In the material below, pictures must be dropped. Repeat exactly, and only, the lines from the line with "In de slaapkamer" to the line with "提完新车第一次到单位的现场,差一毫米碰上花坛", both ends included.
--- Data section ---
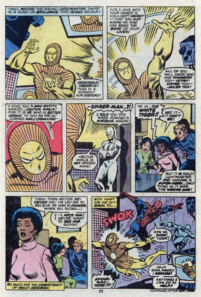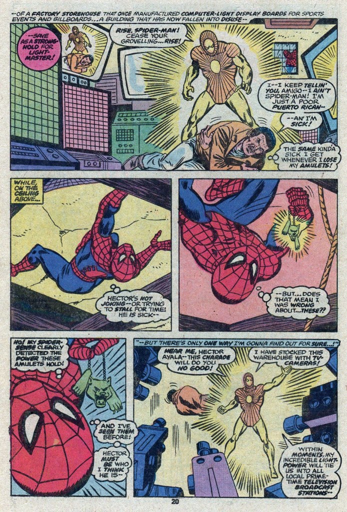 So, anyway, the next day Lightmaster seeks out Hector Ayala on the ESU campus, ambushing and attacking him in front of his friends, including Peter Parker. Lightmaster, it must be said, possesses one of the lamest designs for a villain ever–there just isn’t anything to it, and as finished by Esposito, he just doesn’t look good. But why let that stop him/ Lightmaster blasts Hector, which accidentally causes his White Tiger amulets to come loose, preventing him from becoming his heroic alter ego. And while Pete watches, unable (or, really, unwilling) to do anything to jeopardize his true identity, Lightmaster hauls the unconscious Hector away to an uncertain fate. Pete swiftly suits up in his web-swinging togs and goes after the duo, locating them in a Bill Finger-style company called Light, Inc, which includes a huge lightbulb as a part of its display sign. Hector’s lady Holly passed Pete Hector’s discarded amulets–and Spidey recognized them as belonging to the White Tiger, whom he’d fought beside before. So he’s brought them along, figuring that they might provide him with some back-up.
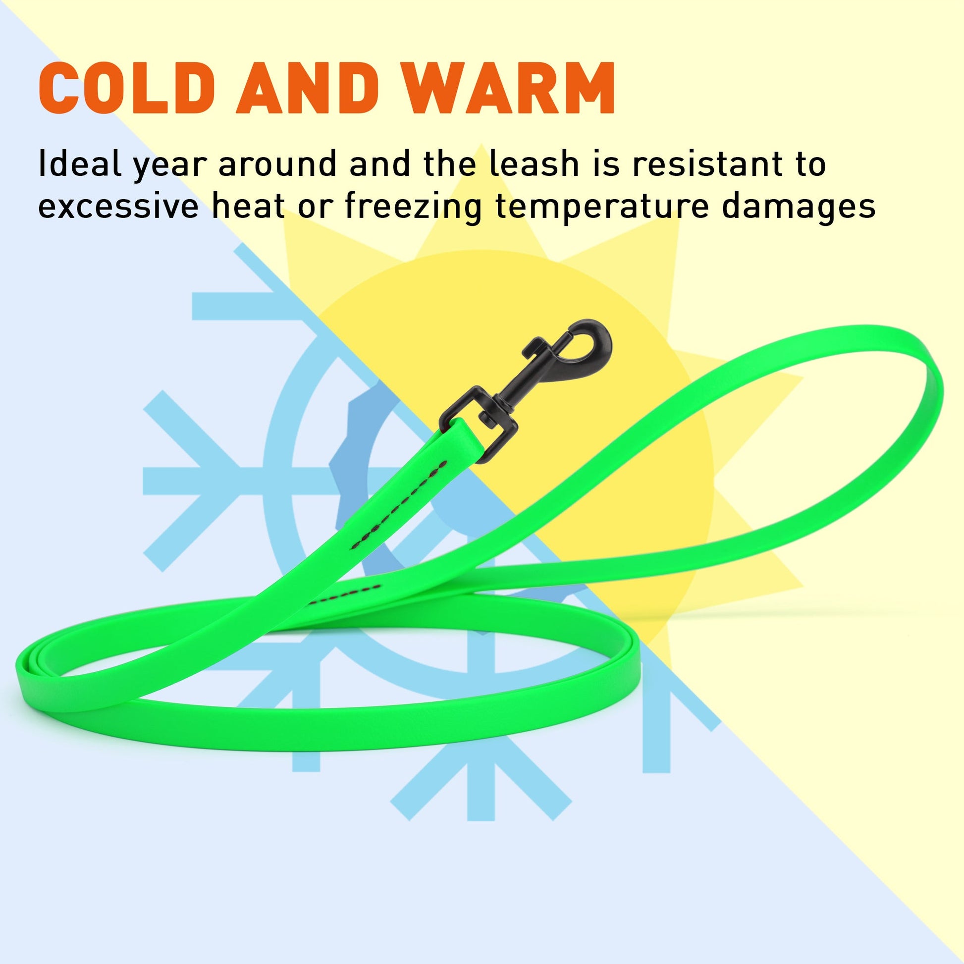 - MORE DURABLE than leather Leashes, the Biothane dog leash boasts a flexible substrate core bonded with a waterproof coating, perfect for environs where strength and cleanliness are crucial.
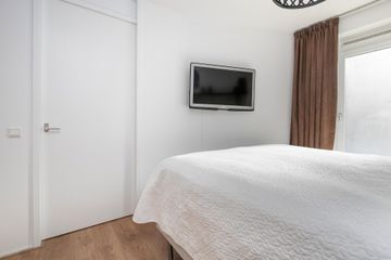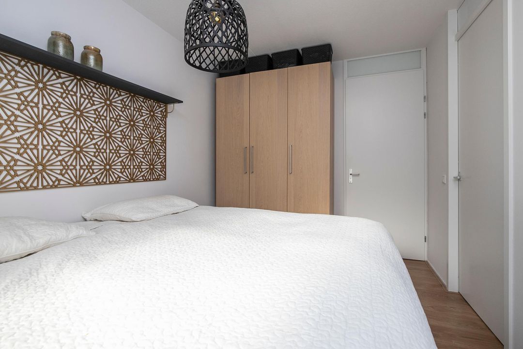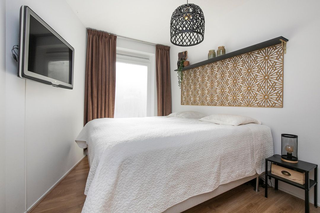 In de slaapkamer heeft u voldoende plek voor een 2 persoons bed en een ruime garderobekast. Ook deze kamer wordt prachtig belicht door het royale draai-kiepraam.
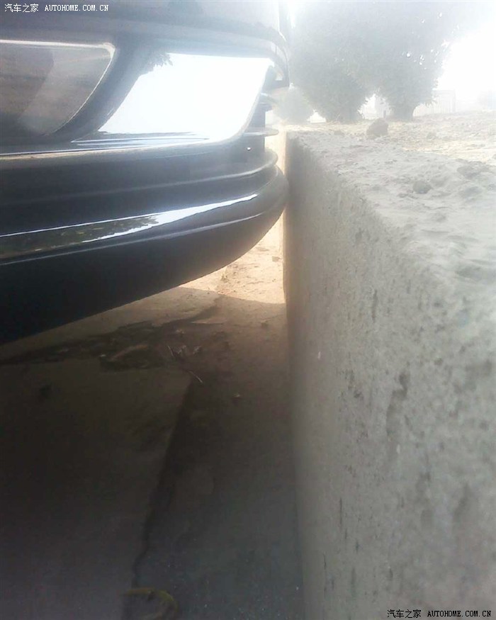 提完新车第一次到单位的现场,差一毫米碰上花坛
---
--- Data section ---
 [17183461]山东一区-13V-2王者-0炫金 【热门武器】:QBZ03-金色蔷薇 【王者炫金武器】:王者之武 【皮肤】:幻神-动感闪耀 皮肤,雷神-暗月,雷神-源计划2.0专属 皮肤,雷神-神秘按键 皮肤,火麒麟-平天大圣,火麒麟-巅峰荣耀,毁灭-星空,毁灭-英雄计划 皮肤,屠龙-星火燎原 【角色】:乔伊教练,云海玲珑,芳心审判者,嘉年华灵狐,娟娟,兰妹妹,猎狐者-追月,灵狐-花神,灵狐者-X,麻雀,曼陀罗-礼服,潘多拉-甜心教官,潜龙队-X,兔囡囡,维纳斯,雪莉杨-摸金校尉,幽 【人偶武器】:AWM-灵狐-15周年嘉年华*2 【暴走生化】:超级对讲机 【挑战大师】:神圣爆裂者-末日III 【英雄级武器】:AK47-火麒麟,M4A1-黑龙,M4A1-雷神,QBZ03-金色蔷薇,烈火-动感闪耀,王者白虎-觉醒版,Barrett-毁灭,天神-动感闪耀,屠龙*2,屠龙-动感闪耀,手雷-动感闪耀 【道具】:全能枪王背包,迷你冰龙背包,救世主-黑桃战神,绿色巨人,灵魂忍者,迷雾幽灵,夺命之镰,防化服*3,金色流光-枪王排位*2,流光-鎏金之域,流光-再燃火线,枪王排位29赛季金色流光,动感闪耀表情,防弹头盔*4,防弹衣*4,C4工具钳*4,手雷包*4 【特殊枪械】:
---
• _Exercise result_:
 In de slaapkamer heeft u voldoende plek voor een 2 persoons bed en een ruime garderobekast. Ook deze kamer wordt prachtig belicht door het royale draai-kiepraam.
 提完新车第一次到单位的现场,差一毫米碰上花坛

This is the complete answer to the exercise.